Tutti i diritti riservati.

1



Prologo

C’è ancora speranza

Luja

15 settembre 2015

Isola nell’Oceano Indiano

Villaggio Sentinel

L

a prima luce del mattino colpisce l’angolo della scrivania, vado alla finestra

e sposto il drappo color avorio. I rami spogli dell’albero sacro s’innalzano

oltre la volta della foresta e come artigli squarciano il cielo. Non è

rimasto molto tempo per rimediare e io non posso farci niente.

Tetrameles, fichi del diavolo e anacardi fanno da sfondo alle abitazioni

dell’ultimo villaggio del nostro popolo. Cinque bambini giocano appesi al piedistallo

della Dama Bianca.

Raggi di luce ambrati si diffondono dalla tavola ricavata dal tronco, il

luogo delle grandi decisioni. Mi sposto al centro della sala e ci passo la mano

sopra. Dopo tanto tempo emana ancora profumo di resina.

Il telefono squilla. «È tutto pronto?» La voce è tremolante.

Lascio cadere la penna accanto alla tastiera del computer. «Certamente! La

maggior parte degli adulti è impegnata in attività di abbattimento degli alberi,

altri lo sono in quella di rimboschimento; i rimanenti si occupano della spedizione

del legname. Tra qualche giorno il carico lascerà l’isola. Ce la faremo,

non preoccuparti.»

Riaggancio il telefono e mi siedo. I braccioli della sedia sono ruvidi, distrutti

da colpi di spada e martoriati dalle pallottole.

Gaia dovrebbe arrivare tra poco. Sposto il mouse e ripongo i fogli firmati

nel cassetto, mi metto davanti i documenti da firmare.

All’esterno uno scalpiccio, qualcuno cammina sotto il portico. Dev’essere

lei. Spalanca la porta, si avvicina con passo spedito. La mia nipotina è bellissima,

come sempre.

Si china e mi bacia sulla guancia. «Ciao Nonna, volevi parlarmi?»

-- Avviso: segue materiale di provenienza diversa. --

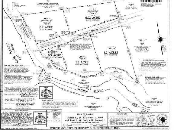 1-acre parcel with 198 ft of frontage along a gravel road, views of Berry Bay and Ossipee River. Perc testing done in 2025, marked by stake, see Horizon Engineering report for more details. Telephone poles line the gravel street for electric tie in. State owns first 50-60 Ft of frontage from water. Sellers have letter from WRCNH stating that access to water across their land is allowed but cannot modify state owned land with dock. Buyers/Buyer agents to due diligence. All 4 lots for sale combined under MLS #5067518. Common lot of 0.3 acres adjacent and closest to Berry Bay is available for purchase. Asking price is $20k.
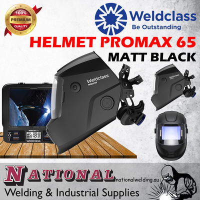 Protection meets perfection: For those who take a bit more pride in their work, there's the PROMAX 650! One of the new generation helmets from Weldclass, the 650 offers: a leading 7-year warranty offer, Advanced digital controls, Super-size 89cm2 'Landscape' view, Ultra-crisp V1 (1/1/1/1) rated optics, External grind mode push-button, Memory function, Cut mode, Gradient mode, Wrap-a-round headgear and more. Plus the comfort, reliability and great value that Weldclass helmets have delivered for decades.

Inutili i giri di parole, meglio andare dritta al punto. «Riguarda la mia decisione,

la dirò alla riunione questa sera.»

1


Gaia rivolge lo sguardo a terra, appoggia il sedere sul tavolo e incrocia le

braccia. «Ti preoccupa, che non possa avere figli?»

Come immaginavo: ha capito. «Con Innan non potrai avere figlie. Per

questo sarà tua cugina a prendere il mio posto.»

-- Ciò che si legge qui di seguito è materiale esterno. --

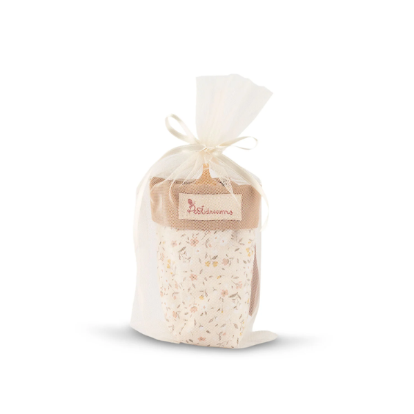 La presentación también está cuidada al máximo. El conjunto se entrega en una bolsa de tul beige con lazo, perfecta para guardar o regalar. Este envoltorio le da un aire especial, ideal para sorprender a los más pequeños en ocasiones como cumpleaños, Navidad o cualquier celebración especial.
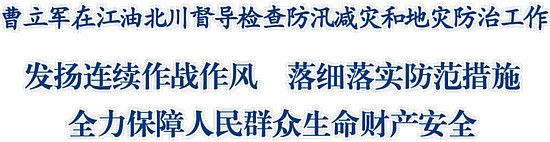 綿陽新聞網(wǎng)訊 7月16日,省委常委、市委書記曹立軍前往江油市、北川羌族自治縣,督導(dǎo)檢查防汛減災(zāi)和地災(zāi)防治工作。他強調(diào),要深入學(xué)習(xí)貫徹習(xí)近平總書記關(guān)于防汛救災(zāi)工作的重要指示精神,全面落實黨中央、國務(wù)院和省委、省政府決策部署,堅持人民至上、生命至上,發(fā)揚連續(xù)作戰(zhàn)作風(fēng),落細(xì)落實防范措施,毫不松懈做好防汛減災(zāi)和地災(zāi)防治各項工作,堅決打贏這場硬仗,全力保障人民群眾生命財產(chǎn)安全。

Si gira all’improvviso, i suoi capelli lisci rilasciano profumo di pesca. «È

giusto così, non preoccuparti Nonna, avrò più tempo per studiare e stare con

Innan.»

Si gira all'improvviso, preme la mano sulla pancia. Corre alla porta in

fondo alla sala, il ticchettio sul parquet risuona nella stanza. La seguo, si infila

in bagno e serra la porta.

«Che cosa ti succede bambina?» Tossisce, entro. «Mi stai facendo preoccupare.»

Fa scorrere la carta igienica, l’arrotola nelle dita e la passa sulla bocca. «Sarà

il cibo, Innan fa schifo ai fornelli.»

Strano, ha sempre mangiato di tutto fin da piccola, pensavo che sarebbe

riuscita a digerire anche il legno. «È la prima volta che vomiti?»

Abbassa la tavoletta del gabinetto e ci si siede. «No, la prima è stata questa

mattina.»

Non sarà che…? «Vieni qui, fammi toccare.»

Sollevo la maglietta rosa e copro gli incisivi di SpongeBob stampato nel

tessuto, accosto i polpastrelli al suo ventre. «È impossibile, sei incinta!»

Si morde il labbro, indietreggia e sbatte il fianco contro il lavandino. «Ma

è fantastico.» Deglutisce. «Voglio dirlo a Innan il prima possibile.»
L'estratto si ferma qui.